**Problem requirements**. Check the records below line by line, and report how many lines include the string "japonés". No other words are needed.

**Dataset records**.
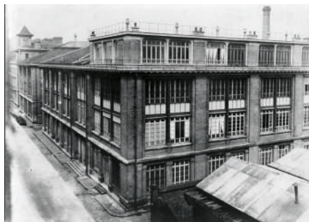
Vue du bâtiment, vers 1950.

L'histoire de l'imprimerie des timbres-poste remonte à 1848, date du décret-loi annonçant l'émission des premiers timbres-poste français, le 1er janvier 1849. L'administration des Postes doit à ce moment-là organiser un nouveau service et créer un atelier. La fabrication des timbres-poste est alors placée sous le contrôle de la Commission des Monnaies et Médailles dépendant du ministère des Finances. Les ateliers sont aménagés à l'Hôtel des Monnaies.
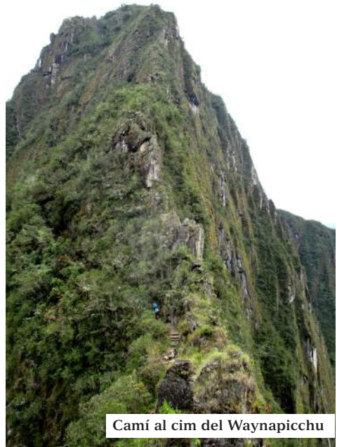
Camí al cim del Waynapicchu

Deu ser fantàstic arribar a dalt amb el sol acabat d'aparèixer per l'horitzó format per les muntanyes que envolten l'emplaçament inca. Però nosaltres ho visquérem veient sorgir aquelles pedres d'entre la boira... Tenia un caire de misteri que ens permeté anar-ho descobrint progressivament. Va tenir el seu encant, i qui no es
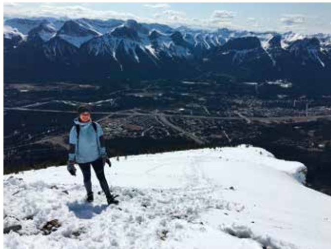
výstup na Grotto Mountain
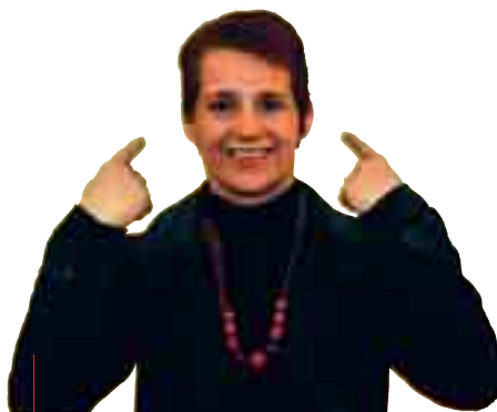
Koningin Fabiola . Hoe kan je de vorstin beter typeren dan aan de hand van haar kapsel, aangeduid met een krulbeweging.
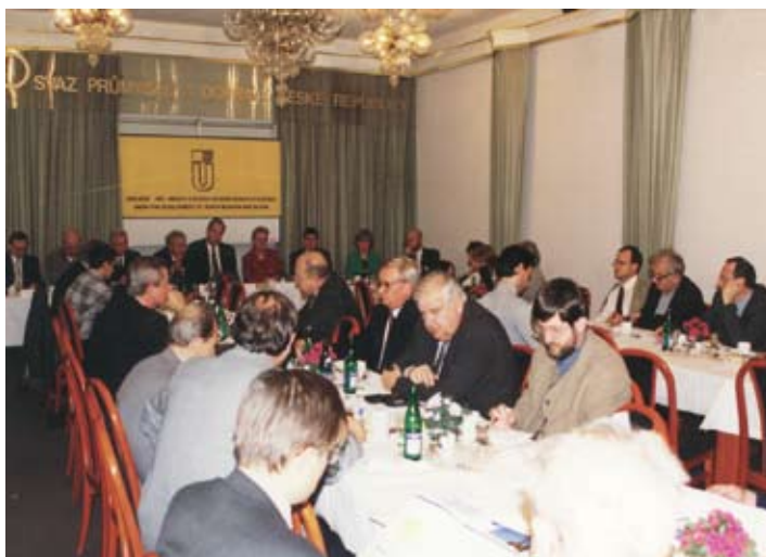
Prezentační dny Sdružení pro obnovu a rozvoj severní Moravy a Slezska v Praze koncem 90. let - tisková konference.

19. 6. 1995 byla Radou Sdružení schválena základní opatření, dlouhodobé regionální cíle a program činnosti Sdružení, které se postupně stalo uznávaným představitelem podnikatelské sféry regionu s širokým, víceoborovým zázemím a nositelem regionálních priorit.
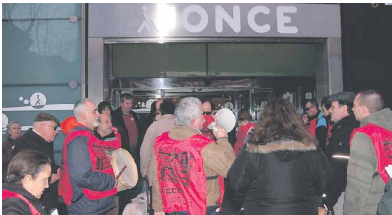
▲ El acuerdo ha sido posible gracias a la movilización de CCOO en la ONCE

En definitiva, si el trabajador tiene 56 años, padece alguna de las patologías amparadas por el RD 1851/2009, entre otras la polio, y tiene este porcentaje y esa patología hace más de 15 años, se puede jubilar. ■
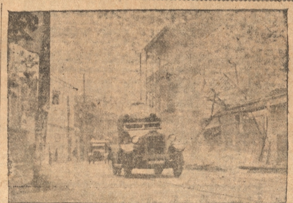
Camiones del Ejército japonés llegando a Chapel.

calles apolonándose como una manada de pavos. Agujoneándose con las puntas de sus bayonetas van unos cuantos soldados japoneses. Entre el grupo hay uno que lleva una bandera japonesa. El chino, de cuando en cuando, inclina la bandera del Sol Naciente hasta llevarla casi abatida, y entonces un soldado japonés le pica en la espalda con su bayoneta para que la vuelva a llevar enhiesta y
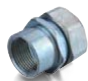
соединительные муфты резьбовые «труба-металлорукав»
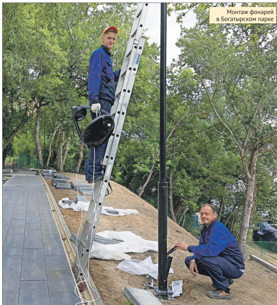
Монтаж фонарей в Богатырском парке

Зелёная зона появится здесь уже к середине июля. Прогулочные до-
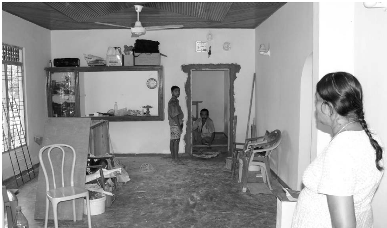
Belső felújítás közben
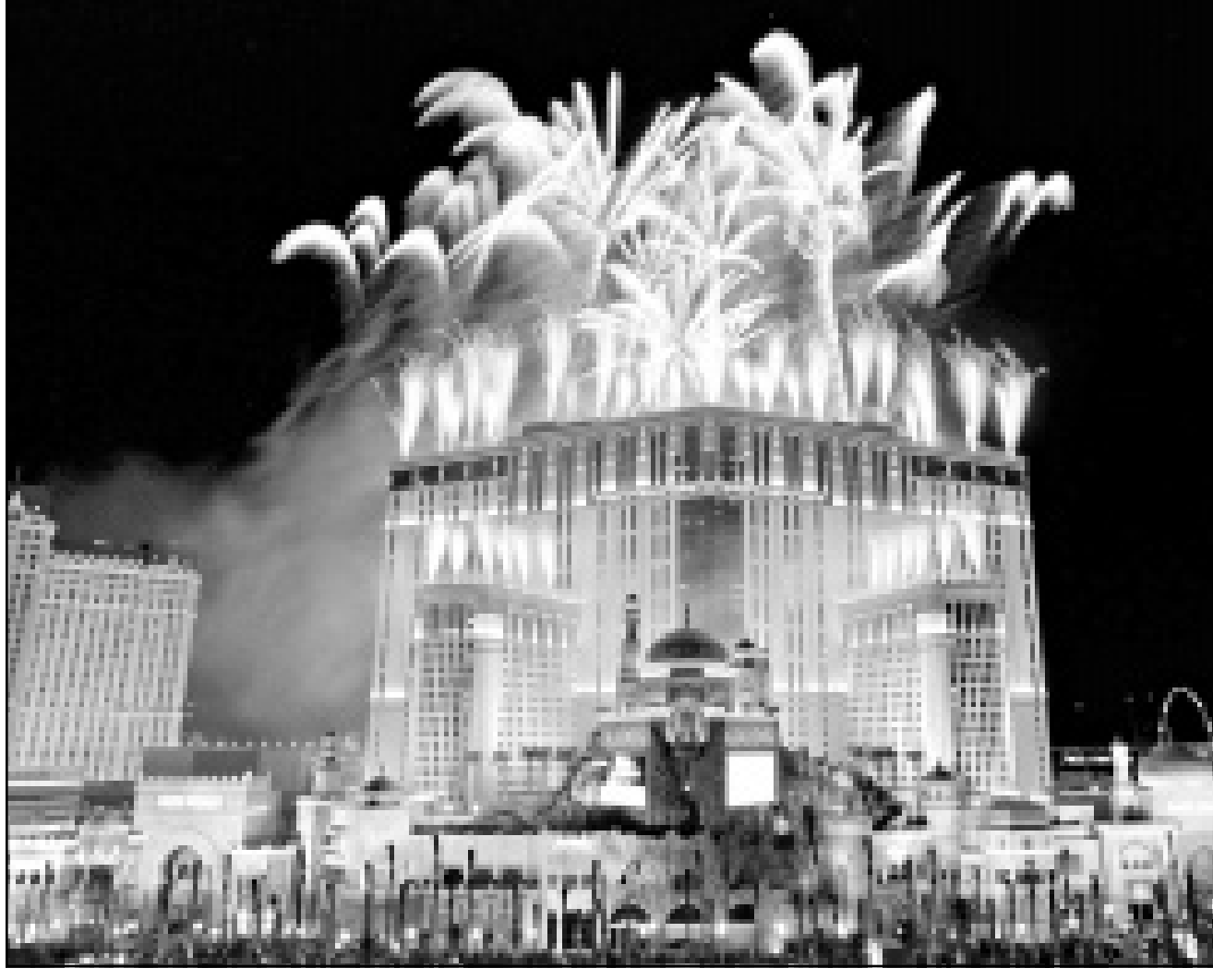
الاسهم النارية تضفي عتمة الليل حول منتج علاء الدين السياحي في لوس انجليس الذي افتتح ليل السبت/ الأحد بعد أن تكلف بنحو 1.4 مليار دولار

■ مسقط - رويترز: افاد مسؤول بوزارة المالية أمس الأحد أن سلطنة عمان ستخفض الضرائب على الاعمال التجارية المملوكة لأجانب من أجل تعزيز الاستثمار الاجنبي في البلاد. وقال المسؤول لرويترز ان المصالح التجارية المملوكة بالكامل لأجانب ستدفع الآن ضرائب لا تزيد عن 30 في المئة فقط كحد أقصى بدلا من 50 بالمئة، وستصبح الضرائب الاجنبية التواجد لها استثمارات في شركات أخرى معفاة من الضرائب على الأرباح التي تحققها الشركات التابعة لها. وأضاف المسؤول أن التعديلات الضريبية الجديدة التي ستصبح سارية اعتباراً من كانون الثاني (يناير) عام 2001 تهدف إلى اجتذاب مزيد من الاستثمارات الأجنبية إلى السلطنة.
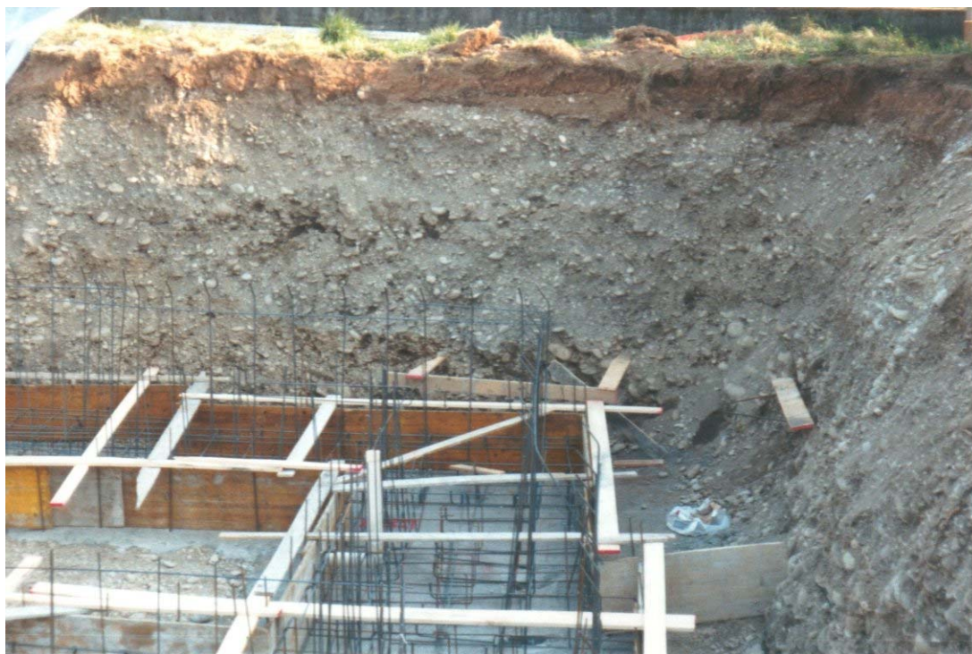
Foto n. 14 Panoramica dei terreni presenti nello scavo n. 2
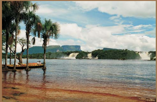
Ryc. 9. Laguna de Canaima na rzece Carrao. Na pierwszym planie przystań Laja; na drugim brzegu Salto Hacha i El Venado Tepuy
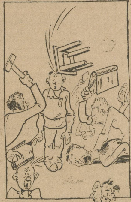
Кружок «прорабатывает» тему.

Увязки прорабатываемых тем с местными и текущими хоз.-политическими кампаниями не было, наглядные по-
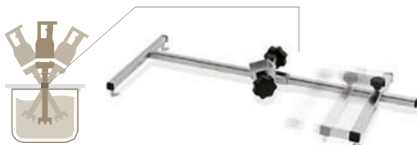
FSP Supporto pentola regolabile e con snodo libero Adjustable pot support with free articulated joint
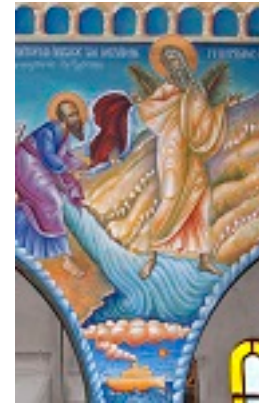
Προφήτης Ηλίας ο Θεσβίτης - π. Σταμάτης Σκλήρης© (stamatis-skliris.gr)
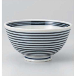
329-301-403 910円 せせらぎ 軽量 大平 (12.5×6.5) 329-302-403 790円 せせらぎ 軽量 中平 (11.3×6.4)
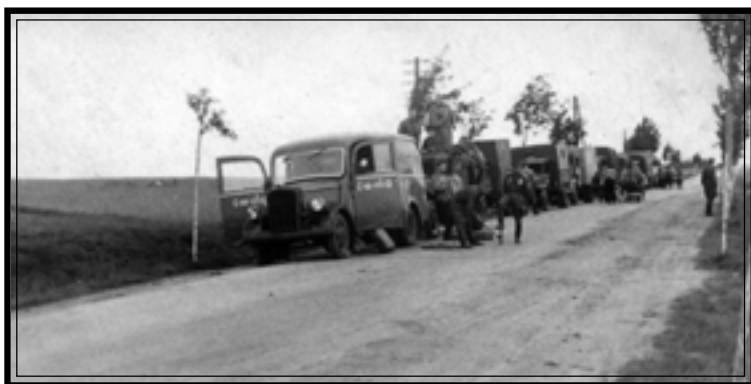
Автоколонна советских войск в Германии. [1945 г.] Автор А.К. Суханов
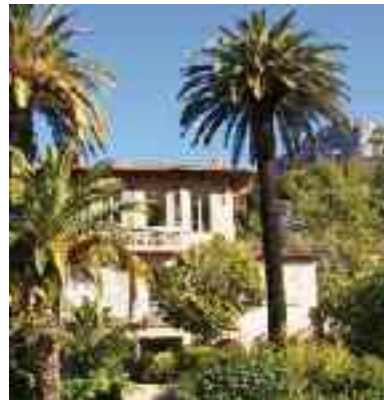
La Cité Historique de Vence
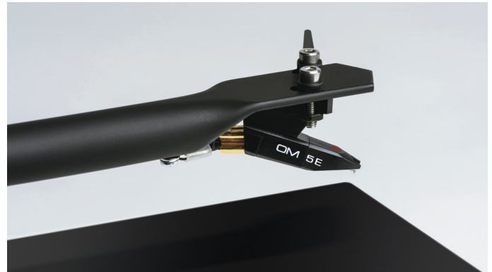
Hochqualitativer Ortofon OM 5E MM Tonabnehmer mit elliptischem Stylus

Darüber hinaus wird der T1 nicht - wie oft üblich - nur mit einfachen Cinch Kabel ausgeliefert. Im Lieferumfang sind nämlich hervorragend abgeschirmte, quasi-symmetrische, niederkapazitive Phono Kabel, welche von Pro-Ject speziell für den Anschluss von Plattenspielern konzipiert wurden, enthalten. Zudem befindet sich auch eine Staubschutzhaube, für zusätzlichen Schutz des T1 und eine Filzmatte, die als weiche Auflagefläche für Ihre Platten dient, im Paket.

**Output below**. 2